Sunday, November 9, 2014

Norbord: Buy Sell or Hold

I bought some Norbord a short while ago, just before the market began collapsing. At first I had a nice pop and then the stock price weakened. It fell below my entry point and has never climbed back. It hasn't gotten even close.

Now, some analysts are pulling their buy recommendation and replacing it with a hold. When I see the letters h-o-l-d, I read sell. Should I? Should I take the loss and move on. Is there really nothing to see here?

I confess, I like Norbord. One of the biggest producers of oriented strand board (OSB) in the world with 11 operating plants in Canada, the U.S. and Europe, Norbord can pump out 5 billion square feet of OSB a year. Norbord also manufactures medium density fibreboard (MDF), particleboard and furniture. If the market for OSB should strengthen, Norbord has mothballed capacity that it can bring online relatively quickly.

Its announced earning for each quarter this year have surpassed estimates but the spread has been narrowing. Last quarter only a penny separated the estimate from what the company actually earned.
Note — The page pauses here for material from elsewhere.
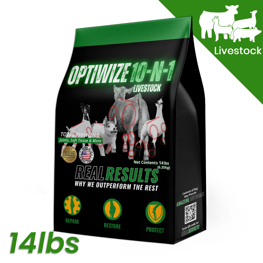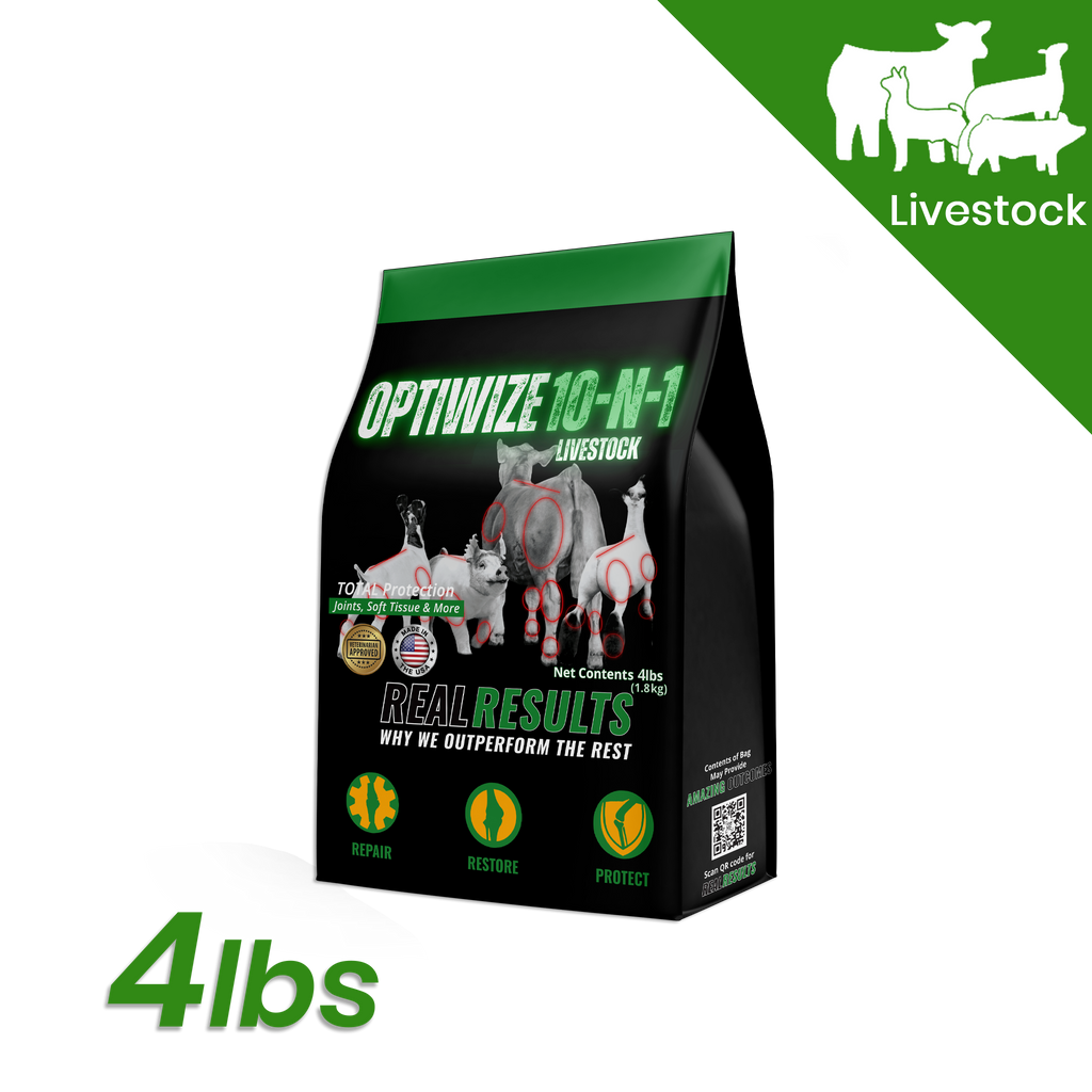 OptiWize is formulated with 10- natural ingredients proven to optimize, repair, and protect joint health inside and out. OptiWize is joint supplement for livestock that is recommended for all phases of a show stock's life.

The dividend of 10.5 percent, $2.40 annually, is being questioned and a cut to the dividend is anticipated in 2015. Revenue for the past year has been remarkably flat.

My gut tells me the present stock price is under threat. If I sell now, I can buy back at a lower entry point. But, my gut has often been wrong. I need more than just a gut feeling to dump my NBD and move on. I need to know that wherever I temporarily put that money, it will perform better than if I had simply left it alone.

If I have doubts about the dividend, I'm sure many others share my concern. A lot of the damage resulting from a dividend cut may be priced into the NBD stock already. If the fall isn't too great, say five or ten percent, and the dividend is only halved, I will still earn a tidy sum on which to live in retirement. I can ride out the storm.

A look at the fundamentals (key stats, cash flow, income statements) appear to indicate NBD is a successful, well run company in a cyclical market and the cycle is near a bottom. Only the retained earnings number gives me pause. Slashing the dividend should improve this.

Will U.S. housing starts rebound in 2015? Until recently, many thought a recovery was immanent. Now, analysts are tempering their positive positions. If I held a lot of NBD I think I would sell. There should be better places to park my money.

But as I don't hold a lot, I'm going to hold tight. If the price of NBD should collapse, I will give the company fundamentals another look. If all is in the black but under pressure, I may buy a few more shares to push my exposure back to where it was when I first bought the stock. I have no doubt that someday I will sell for a nice profit and in the meantime I hope to be paid for my patience.

(Be warned. I believe NBD has cut its dividend completely in the past. This is a company that appears to have no qualms about touching the dividend.)

One last thing that I should mention: I hold NBD in an account that is presently up 18.25 percent. I hold 32 percent of the portfolio in cash paying 1.25 percent. I'm waiting patiently for a buying opportunity. The bank stock in this account is up about 80 percent at the moment. I am well positioned to be able to buffer any anticipated loss from a drop in the Norbord share price. I can take a 10 percent correction in my bank stock and 20 percent bear attack on my Norbord and still have a profit in the four digits and an annual yield able to meet my retirement needs. There is no reason for a fire sale.